On the morning of 20 October 1916, a fire was discovered in the Imperatritsa Mariyas forward powder magazine while at anchor in Sevastopol, but it exploded before any efforts could be made to fight the fire. Sailors led by Engineer-Mechanic Midshipman Ignatyev, however, managed to flood the forward shell magazine before the explosion at the cost of their own lives. Their action probably prevented a catastrophic detonation and all of the other magazines were flooded as a precaution. About forty minutes after the first explosion, a second occurred in the vicinity of the torpedo compartment that destroyed the watertight integrity of the rest of the forward bulkheads. Imperatritsa Mariya began to sink by the bow and listed to starboard. She capsized a few minutes later, taking 228 sailors with her. The subsequent investigation determined that the explosion was probably the result of spontaneous combustion of the nitrocellulose-based propellant as it decomposed.

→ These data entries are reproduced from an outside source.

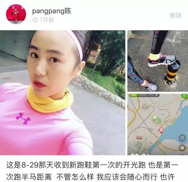 最开始跑步时,陈昭寰甚至都没给自己买一套专门的跑服和运动裤,“就穿着老公的跑步衫和短裤去跑,”当时她的想法很简单,“反正自己那么胖,买再好看的跑服,穿在身上也不好看了。”
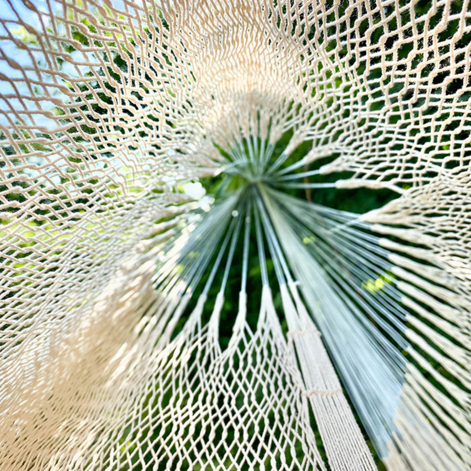 Das feinmaschige Netz passt sich deinem Körper perfekt an und sorgt für schwebenden Komfort – ideal für heiße Tage oder als platzsparende Hängematte für unterwegs.
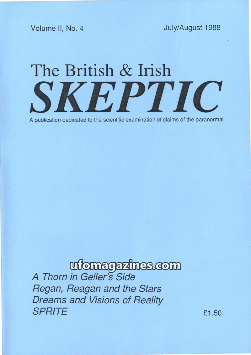This issue of The British & Irish Skeptic, dated July/August 1988, features an in-depth report on an exhibition where Uri Geller was challenged on his spoon-bending abilities, with
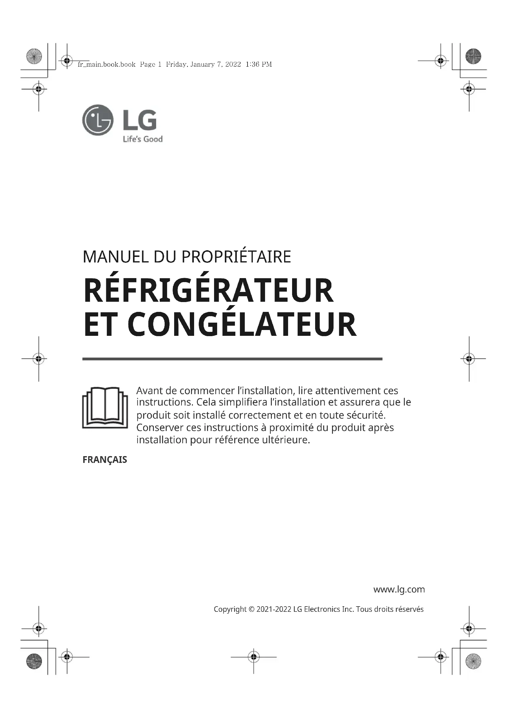 Avant de commencer l’installation, lire attentivement ces instructions. Cela simplifiera l’installation et assurera que le produit soit installé correctement et en toute sécurité. Conserver ces instructions à proximité du produit après installation pour référence ultérieure. FRANÇAIS www.lg.com Copyright © 2021-2022 LG Electronics Inc. Tous droits réservés fr_main.book.book Page 1 Friday, January 7, 2022 1:36 PMTABLE DES MATIÈRES Ce manuel peut contenir des images ou un contenu différent du modèle que vous avez acheté. Ce manuel est sujet à révision par le fabricant.
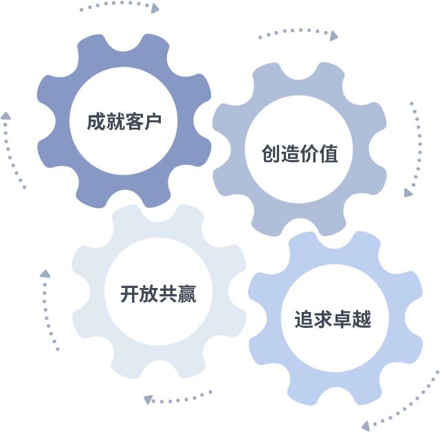 成就客户是一切决策的出发点,创造价值是衡量所有工作的标准,追求卓越是3044am永利做事做人的态度,开放共赢是3044am永利的格局也是最终的结果。价值观的齿轮环环相扣,推动着组织里的每个人不断向前。
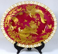 28 - ROYAL CROWN DERBY 'GOLD AVES' PORCELAIN PLATTER Royal Crown Derby porcelain platter in the 'Gold Aves' pattern with gold birds and floral branches over a maroon ground. Marked to underside. Measures 15 1/4" (38.5cm) length.
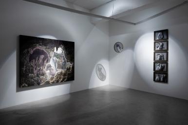 Fountain, 2023, Black ink, white powder, tempera and gouache on Korean paper mounted on wood, 258 x 206 cm
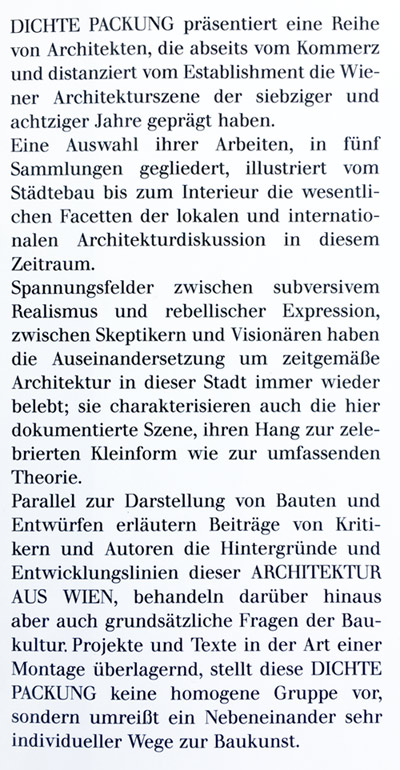 Dichte Packung Otto Kapfinger, Franz E. Kneissl: Dichte Packung, Architektur aus Wien. Residenz Verlag, Wien 1989
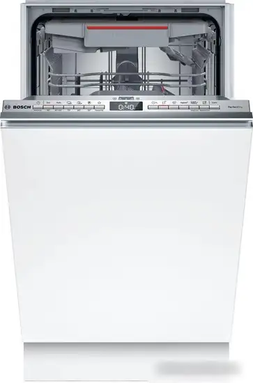 Встраиваемая посудомоечная машина Bosch Serie 6 SPV6YMX01E хорошо справляется с мойкой до 10 комплектов посуды одновременно. Машина оснащена системой от открывания дверцы для более эффективной сушки посуды с помощью теплообменника и технологии Zeolite. Управление происходит через электронный дисплей, легко настраиваемые программы включают ежедневную, экономичную, интенсивную и ночную мойку, а также дополнительные опции для сокращения времени и усиления сушки. Она работает тихо — уровень шума всего 43 дБ, что делает использование комфортным. Внутренний дизайн предусматривает регулируемую по высоте верхнюю корзину и складывающиеся держатели в нижней корзине для большего удобства. Машина обладает функциями защиты от протечек и датчиком чистоты воды для качественной мойки. Есть индикаторы уровня соли и ополаскивателя, а также таймер отсрочки запуска. Дополнительную эффективность обеспечивает инверторная технология и возможность программирования с помощью пользовательских программ.
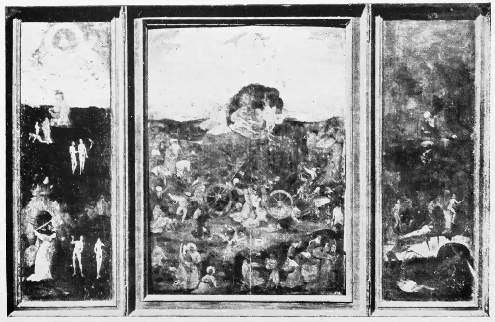 The heavy cost of erecting the Escorial increased the amounts paid in taxation, and among the people of Spain there was some discontent with the expenditure. There was also disaffection upon one or two occasions among the mechanics employed upon the building. The{14} cause, or the effect, of this insubordinate feeling was the rumour that Satan in the guise of a hound with wings prowled about the corridors in the dark. A friar hearing certain gruesome sounds during matins, went out to investigate the cause of the disturbance, and discovered a stray dog wandering in the building. The dog was promptly hanged, and his carcass exposed on the exterior of the edifice;—proof positive that the mysterious visits were at an end.
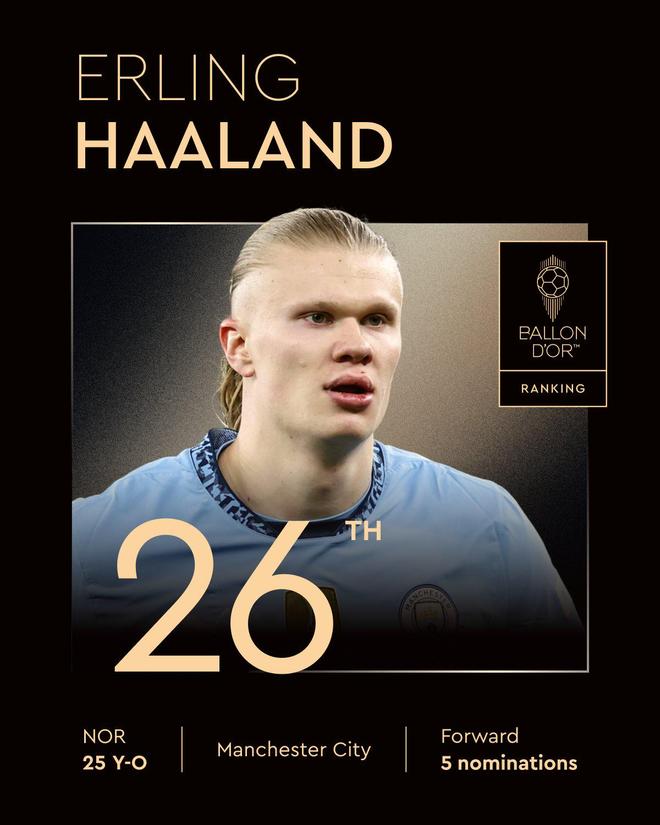 最终,哈兰德仅获第26名,相较于去年下降21名。

Following a complex salvage operation, the ship was eventually refloated on 18 May 1918 and moved into Sevastopol's Northern Dry Dock on 31 May, still upside down. The chaos of the Russian Revolution and Civil War prevented further repair work, although her 130 mm guns were removed. By 1923, the wooden blocks supporting her in place were rotting. She was floated out and grounded in shallow water in 1923. She was approved for scrapping in June 1925 and officially stricken on 21 November 1925, although the work did not begin until 1926 when she was refloated and moved back into the dry dock. Her gun turrets, which had fallen out of the ship when she capsized, were later salvaged. Two of them were used as the 30th Coast Defense Battery defending the city during the Siege of Sevastopol in World War II.

==Bibliography==
- Brown, David K. (2001). "Ammunition Explosions in World War I"
- Budzbon, Przemysław (1985). "Conway's All the World's Fighting Ships 1906–1921"
- McLaughlin, Stephen (2003). "Russian & Soviet Battleships"
- Silverstone, Paul H. (1984). "Directory of the World's Capital Ships"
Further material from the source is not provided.